DATA UNDER STUDY Block Start

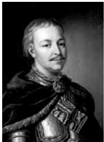
Гетьман Іван Мазепа

Ідеться не про те, хто для мене особисто Мазепа... Найпростіше я б міг сказати, що він є національний герой, авторитет. Безсумнівно, він – один із найбільших українських гетьманів, видатна постать в українській історії, чи не найбільш відома у світі. І цього було б досить. Але сьогодні варто говорити не про це, а про нахабство людини з чужої країни, яка пропонує нам змінювати назви вулиць.
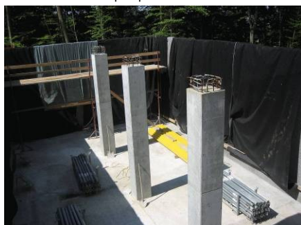
Reservoir Schinderwase im Bau
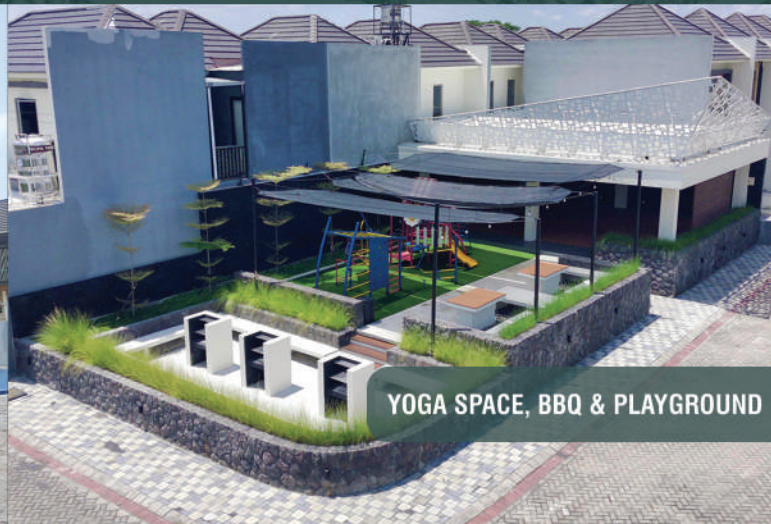
YOGA SPACE, BBQ & PLAYGROUND
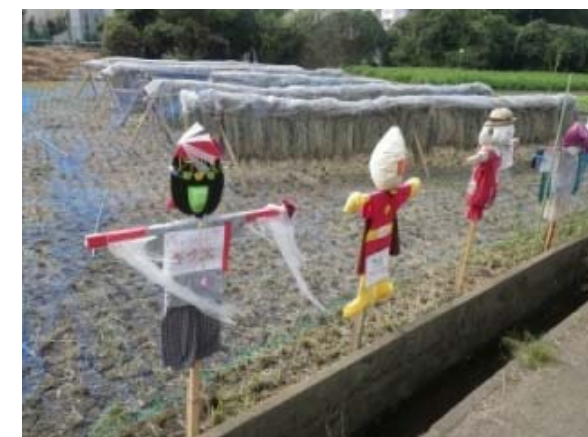
作品名 「佐須用水と案山子と天日干し」
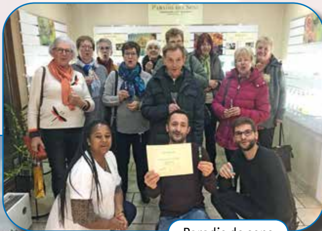
Paradis de sens
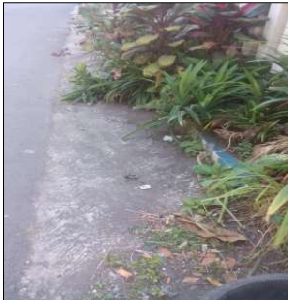
Gambar 2. Kondisi Jalan yang Memerlukan Peningkatan Sistem Drainase

Pada saat ini dengan adanya penduduk pendatang, berdampak pada tingkat perekonomian warga wilayah ini juga makin meningkat, namun disisi yang lain juga meningkatkan air sisa buangan dari tiap-tiap hunian warga yang membebani sistem drainase wilayah RT 08 RW 02 Kelurahan Merjosari Kota Malang. Beban saluran drainase semakin meningkat jika musim penghujan tiba karena berkurangnya area serapan air hujan sehingga air dari saluran drainase dapat melimpas hingga membanjiri wilayah jalan utama dan jalan lingkungan. Tentu saja hal ini juga berdampak buruk bagi fasilitas jalan yang mengalami kerusakan lebih cepat dibandingkan dengan umur yang direncanakan akibat adanya limpasan air yang secara terus menerus melalui jalan tersebut. Potret jalan di wilayah RT 08 RW 02 Kelurahan Merjosari Kota Malang yang memerlukan peningkatan sistem drainase yang lebih baik seperti terlihat pada gambar di bawah ini.
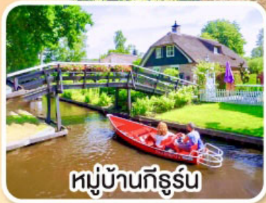
หมู่บ้านกังธูร์น
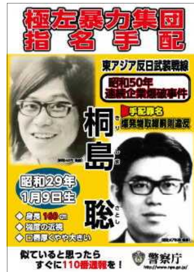
指名手配被疑者の発見・通報を訴えるポスター
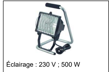
Éclairage : 230 V ; 500 W

Lorsqu'on branche un ou deux appareils sur la console multiprise, ils peuvent fonctionner simultanément. Mais si on souhaite utiliser les 3 appareils en même temps, le disjoncteur coupe le circuit.
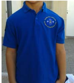
Polo color azul royal de manga corta con el escudo del Grupo bordado
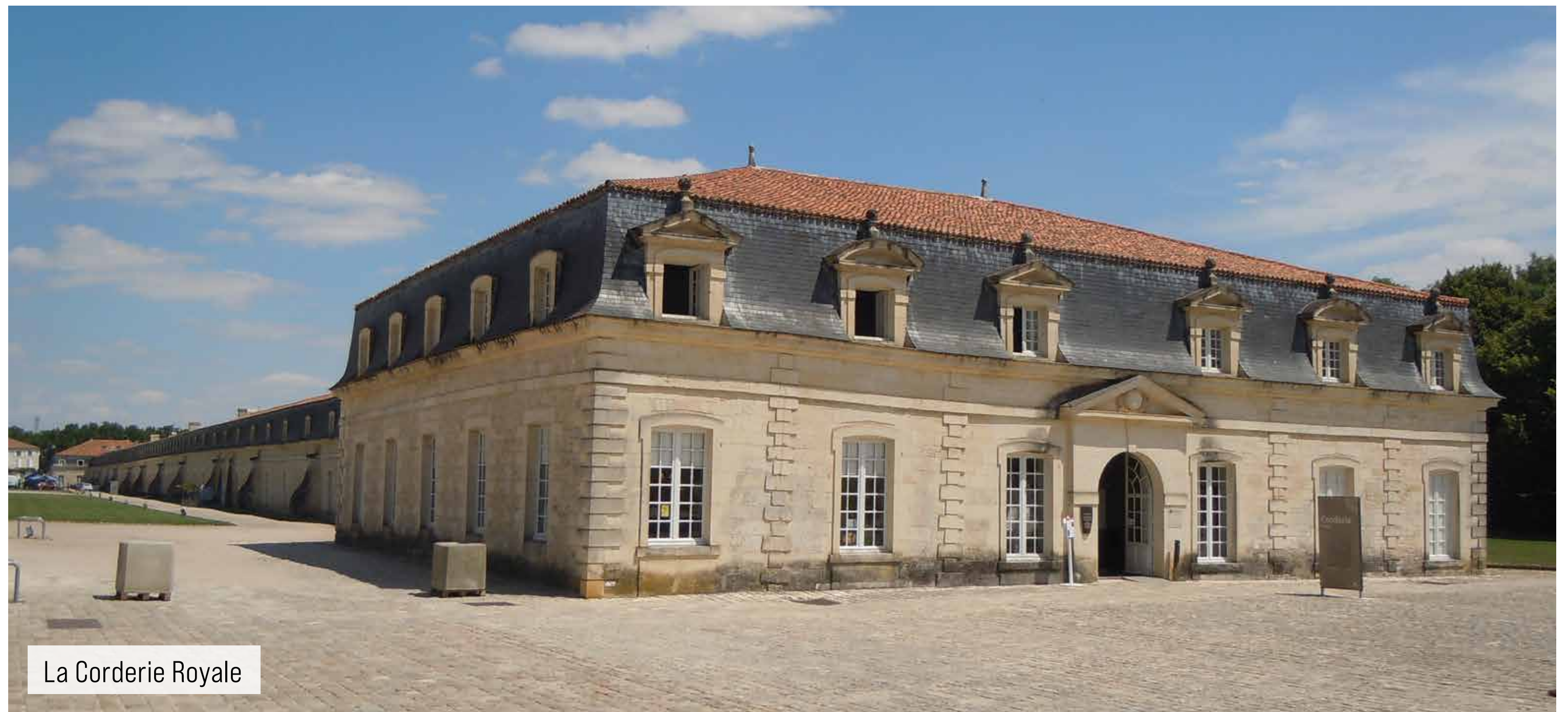
La Corderie Royale
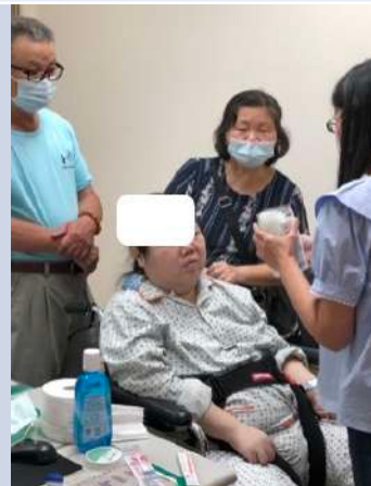
其他不定期課程：特殊口腔照護
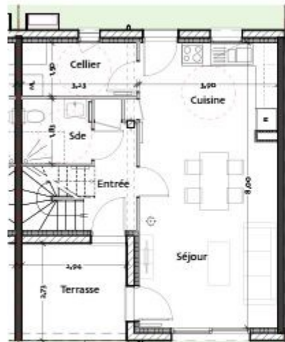
PLAN REZ DE CHAUSSEE
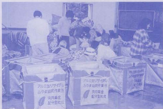
アルミ缶リサイクル 共同募金の助成でエコバックを購入
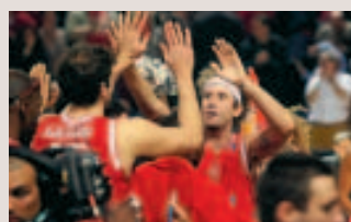
Le sport a le vent en poupe... ■ D.G.

■ Les concessionnaires automobiles de Charleroi offrent pour l'instant des conditions intéressantes, tant pour les véhicules neufs que pour les occasions. En neuf: environ 1.000 € de ristourne supplémentaire. En occasion: entre 10 et 20 % de moins. ■ P.B.
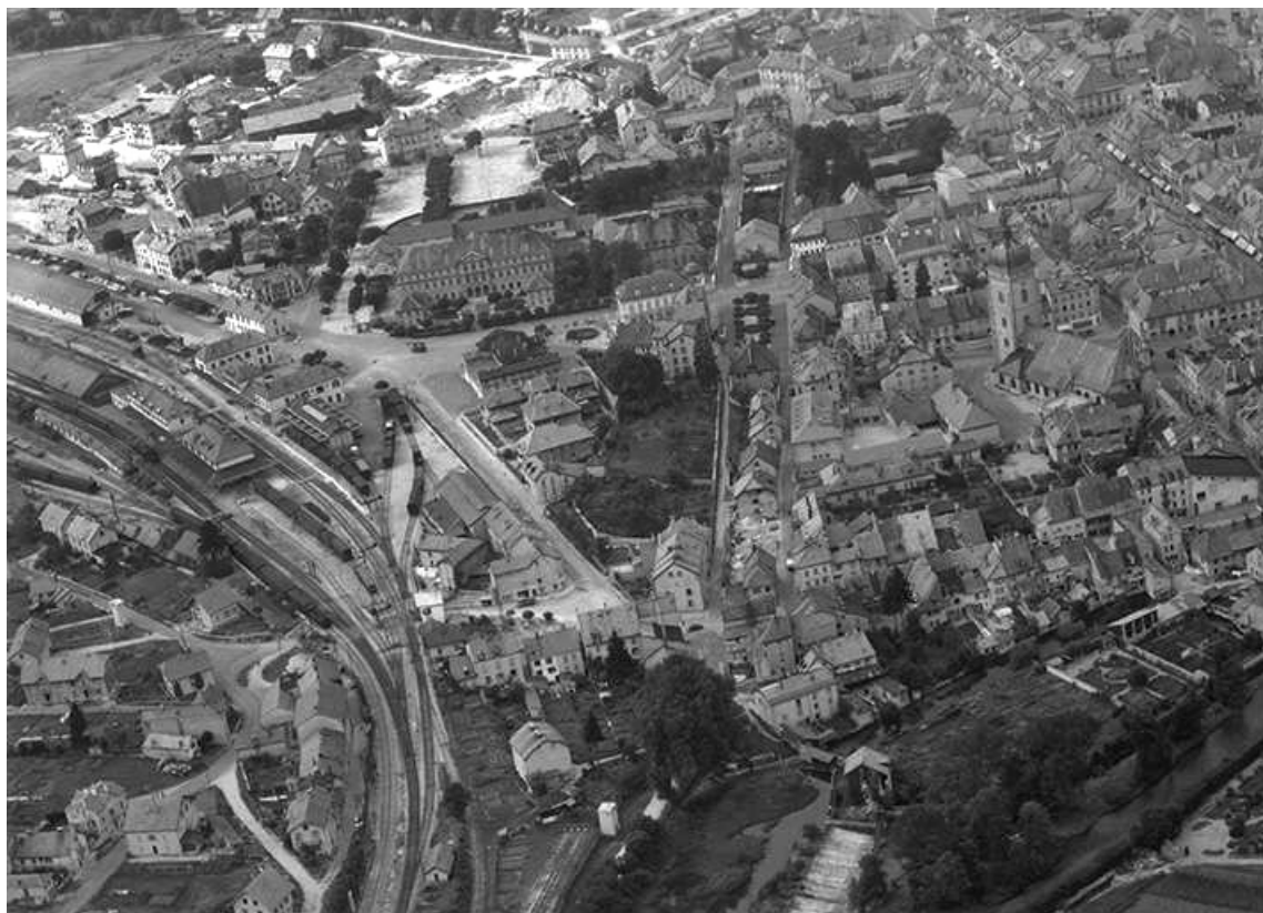
Le quartier de la gare en 1956. On voit le lycée Philippe Grenier derrière la gare et l'église Saint-Bénigne au centre à droite 25, Pontarlier
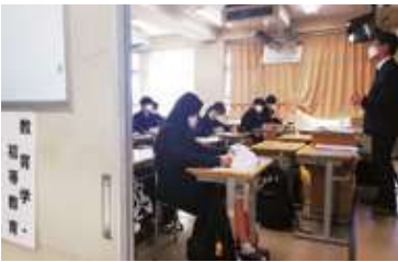
△大学・専門学校の担当者が招いた進路説明会の様子
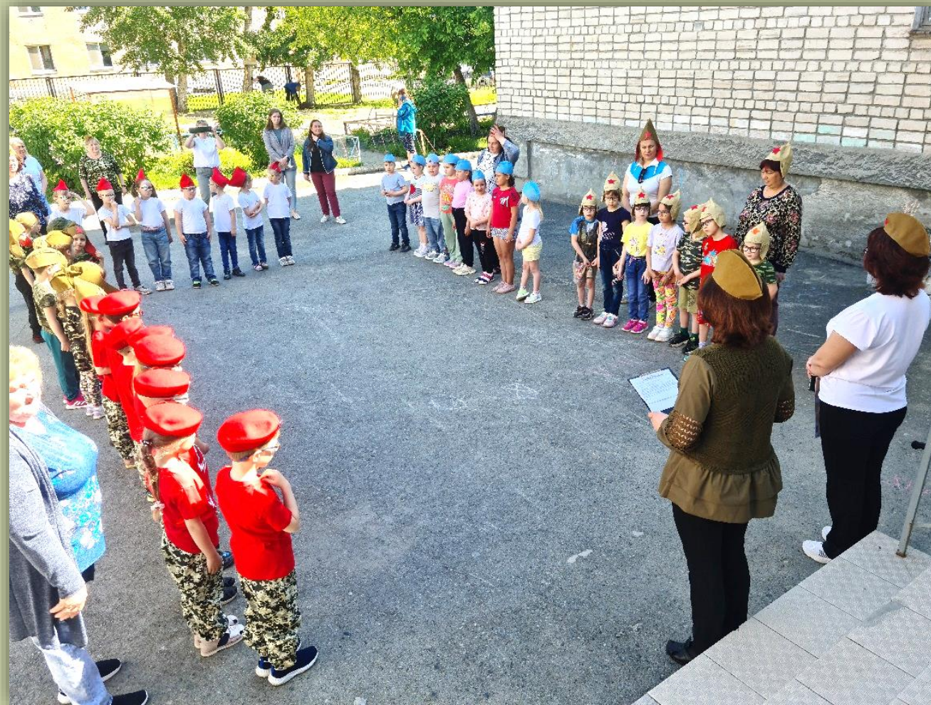
Торжественное построение. Постановка военной задачи.
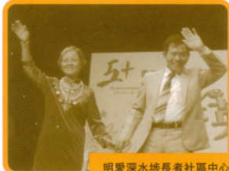
明愛深水埗長者社區中心

人地啲專業模特兒咁鎮定！」讀者可有同感？這句「原來我都得」背後意義深重！也是讓我們一班社會工作者感到欣慰的地方。
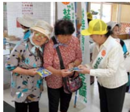
▼道の駅でチラシを配り理解と協力を呼びかけました
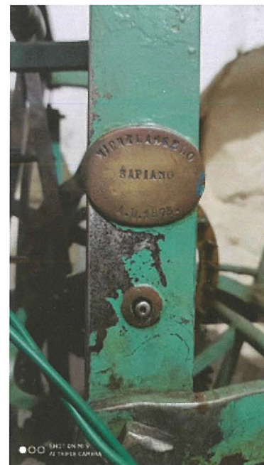
Il-makinarju tal-arloġġ fil-knisja ta` Stella Maris

Fost affarijiet oħra interessanti li vvinta, insibu arloġġ bil-mappa tad-dinja u li juri kull siegħa r-relazzjoni tad-dinja max-xemx, mizien ta` preċiżjoni kbira għad-dwana ta` Malta u diversi arloġġi bl-alarm. Is-Sočjeta` tal-Arti u Manifattura ppremjatu b`midalja tad-deheb. Il-fama tiegħu xterdet barra minn xtutna, tant li kien għamel arloġġ kbir għal knisja ta` Santa Katerina ta` Lixandra, ġewwa l-Eġittu.
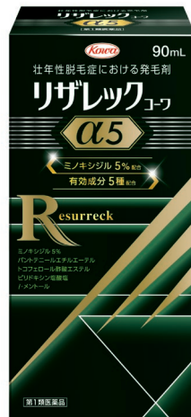
リザレックユーワ alpha 5
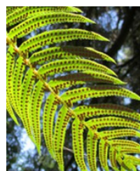
Helecho espada Swordfern
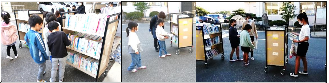
読みたい本をじっくり一人でさがしたり、友達と話をしながら決めたり、時には図書館の方に読みたい本をさがしてもらうこともあります。

11月8日、宇部市移動図書館「青空号」が原小学校に来てくださいました。天気が良かったので、青空のしたでの移動図書館の貸し出しとなりました。風が吹くと肌寒い時もありましたが、みんな元気に楽しそうに本を選んでいました。
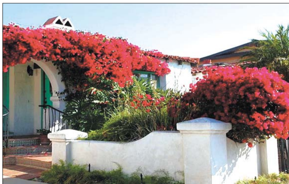
Вьющаяся бугенвиллея поражает своим величием! Яркие цветы украшают дома и часто выступают в роли изгороди
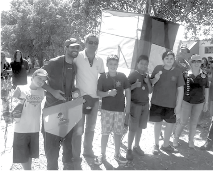
Campeonato de Pipas 29/08 – Beira-Rio
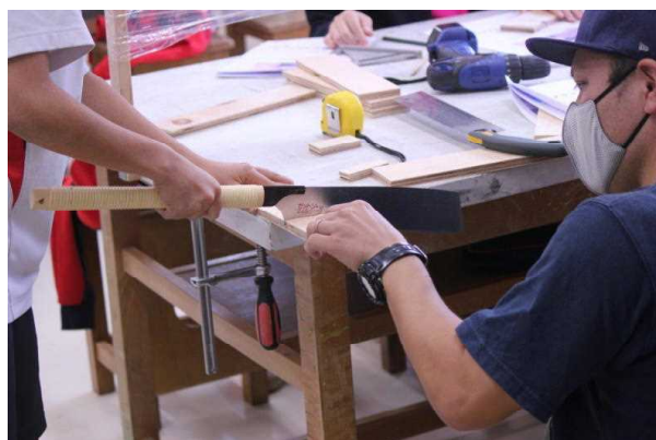
沖縄アミックス中学校木育出前講座（令和2年11月）

※木育とは、市民や児童の木材に対する親しみや木の文化への理解を深めるため、多様な関係者が連携・協力しながら、材料としての木の良さやその利用の意義を学ぶ、木材利用に関する教育活動を推進すること。（森林・林業基本計画）
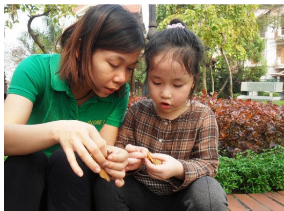
Trò chuyện về cách làm nghề lá đa.
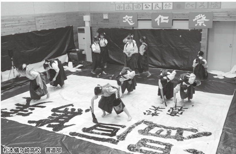
松本蟻ヶ崎高校 書道部
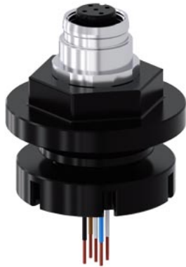
Adapter M12-Buchse, 5-polig, zur M20/M25 Kabeleinführung, für Kunststoff-/Metallgehäuse
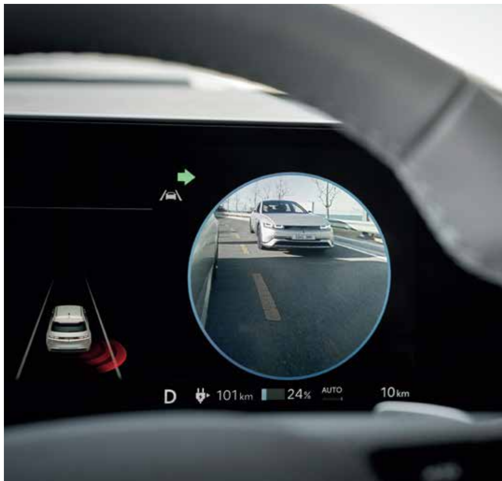
Blind-Spot View Monitor (BVM)

Reinforced with advanced technologies staying alert to provide you a more relaxed and safe journey.
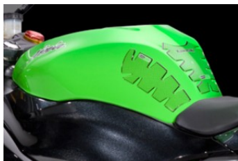
Наклейка на бензобак
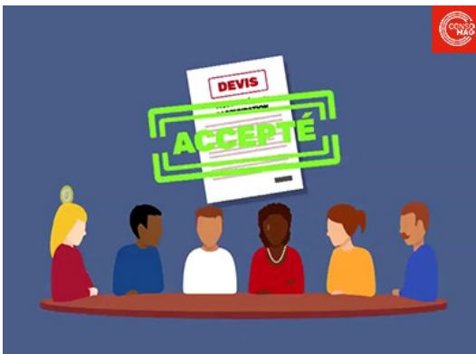
Assemblées générales de copropriétaires : participer à distance, c'est possible !
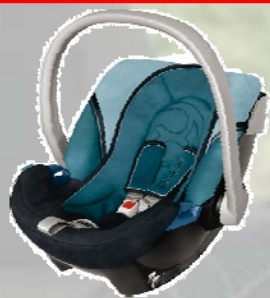
Siège pour bébé

Un dispositif de retenue pour enfants est un des systèmes suivants :
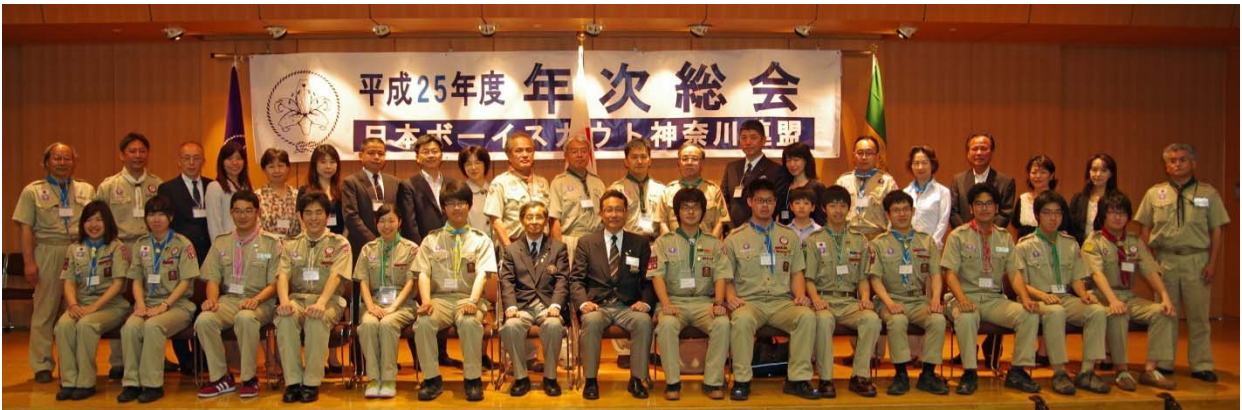
平成24年度の富士章スカウトとそれを支えた保護者・指導者

第二部終了後に横須賀地区の指導者参加による獅子舞のアトラクションもあり、和やかな総会の締めと平成25年度スタートの景気つけになりました。
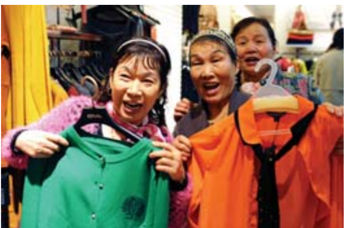
“辣妈”们到品牌服装店试衣服，她们演出的服装都是自己设计、专门订制的。
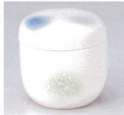
ミ98-13-2 三色吹 夏目形むし碗(中) (φ7.8×7.8cm 180cc) ¥880 2023097410 (中国製)
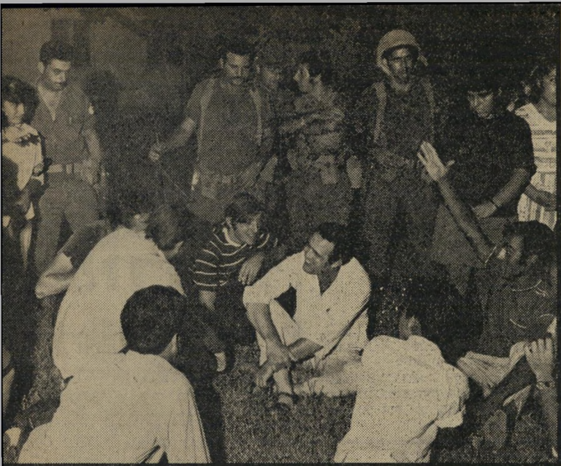
יהורם גאון בירדנה: המ.צ. חיכו על הכביש

DATA UNDER STUDY Block End

• [WHAT IS REQUIRED] Write out exactly the lines from the one that contains "平成24年度の富士章スカウトとそれを支えた保護者・指導者" through the last line of the data above, both included. Leave every picture out.

• [SOLUTION TO THIS TASK]
平成24年度の富士章スカウトとそれを支えた保護者・指導者

第二部終了後に横須賀地区の指導者参加による獅子舞のアトラクションもあり、和やかな総会の締めと平成25年度スタートの景気つけになりました。
“辣妈”们到品牌服装店试衣服，她们演出的服装都是自己设计、专门订制的。
ミ98-13-2 三色吹 夏目形むし碗(中) (φ7.8×7.8cm 180cc) ¥880 2023097410 (中国製)
יהורם גאון בירדנה: המ.צ. חיכו על הכביש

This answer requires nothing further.